Introduction to the bioinformatic analysis of eDNA metabarcoding data
Overview
Teaching: 15 min
Exercises: 0 minQuestions
What are the main components of metabarcoding pipelines?
Objectives
Review typical metabarcoding workflows
eDNA Workshop
Welcome to the environmental DNA (eDNA) workshop session of the Otago Bioinformatic Spring School 2024!
The primary goal of this course is to introduce you to the analysis of metabarcoding sequence data, with a specific focus on environmental DNA or eDNA, and make you comfortable to explore your own next-generation sequencing data. During this course, we will introduce the concept of metabarcoding and go through the different steps of a bioinformatic pipeline, from raw sequencing data to a count table with taxonomic assignments. At the end of this course, we hope you will be able to assemble paired-end sequences, demultiplex fastq sequencing files, filter sequences based on quality, cluster and denoise sequence data, build your own custom reference database, assign taxonomy to OTUs, further curate you data, and analyse the data in a statistically correct manner.
1. Introduction
Based on the excellent presentations at the start of today’s workshop, we can get an understanding of how broadly applicable eDNA metabarcoding is and how many research fields are using this technology to answer ecological questions.
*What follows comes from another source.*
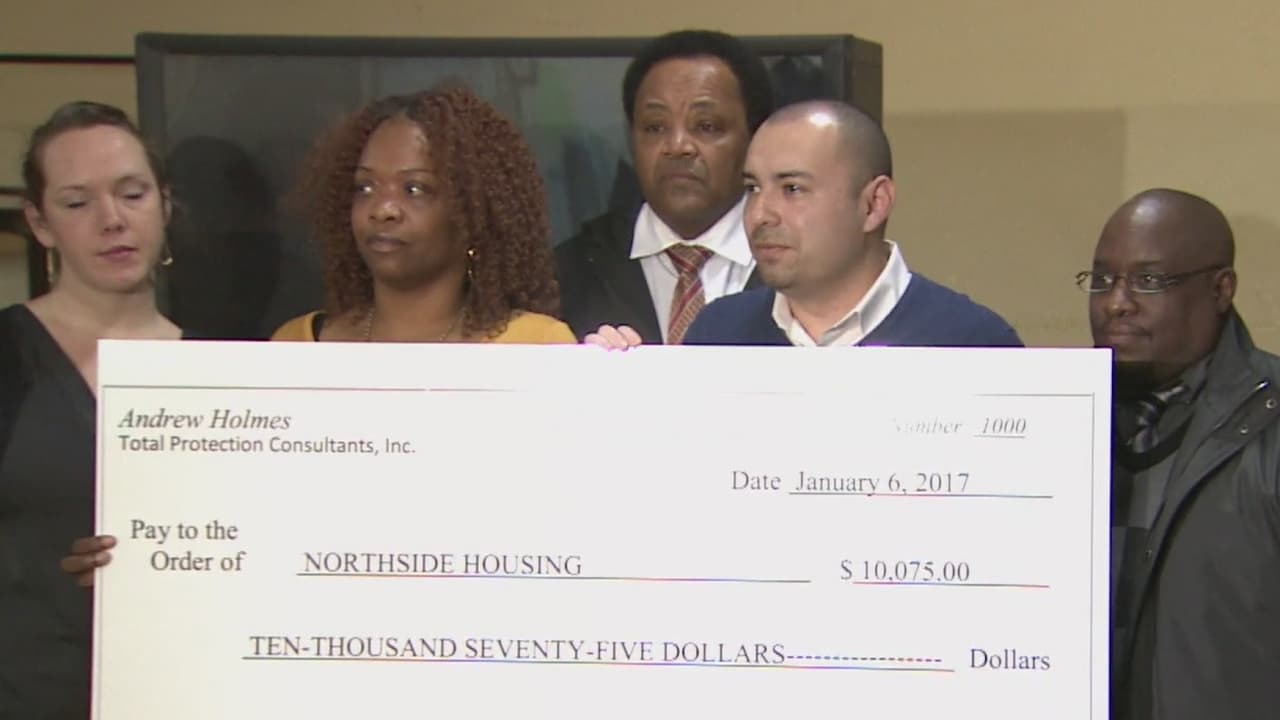 El activista comunitario Andrew Holmes entregó un cheque por 10,075 dólares a la organización Northside Housing, que cuenta con un albergue en el norte de la ciudad.

Before we get started with coding, we will introduce the dataset that we will be analysing today, some of the software programs available (including the ones we will use today), and the general structure of a bioinformatic pipeline to process metabarcoding data. Finally, we will go over the folder structure we suggest you use during the bioinformatic processing of metabarcoding data to help keep an overview of the files and ensure reproducibility of the bioinformatic pipeline.
2. Experimental setup
The data we will be analysing today is taken from an experiment we published in 2018 in Molecular Ecology Resources. In this experiment we wanted to determine the spatial resolution of aquatic eDNA in the marine environment. To investigate the spatial resolution, we visited a marine environment with high dynamic water movement where we knew from traditional monitoring that there were multiple habitats present on a small spatial scale containing different community assemblages. Our hypothesis was as follows, if the spatial resolution of aquatic eDNA is high, we would encounter distinct eDNA signals at each habitat resembling the residing community. However, if aquatic eDNA is transported through water movement, from currents and tidal waves, similar eDNA signals would be obtained across this small sampling area, which would be indicative of a low spatial resolution for aquatic eDNA. Our experiment consisted of five replicate water samples (2l) at each sampling point. Water was filtered using a vacuum pump and extracted using a standard Qiagen DNeasy Blood & Tissue Kit. All samples were amplified using three metabarcoding primer sets to target fish and crustacean diversity, specifically. We also used a generic COI primer set to amplify eukaryotic eDNA signals.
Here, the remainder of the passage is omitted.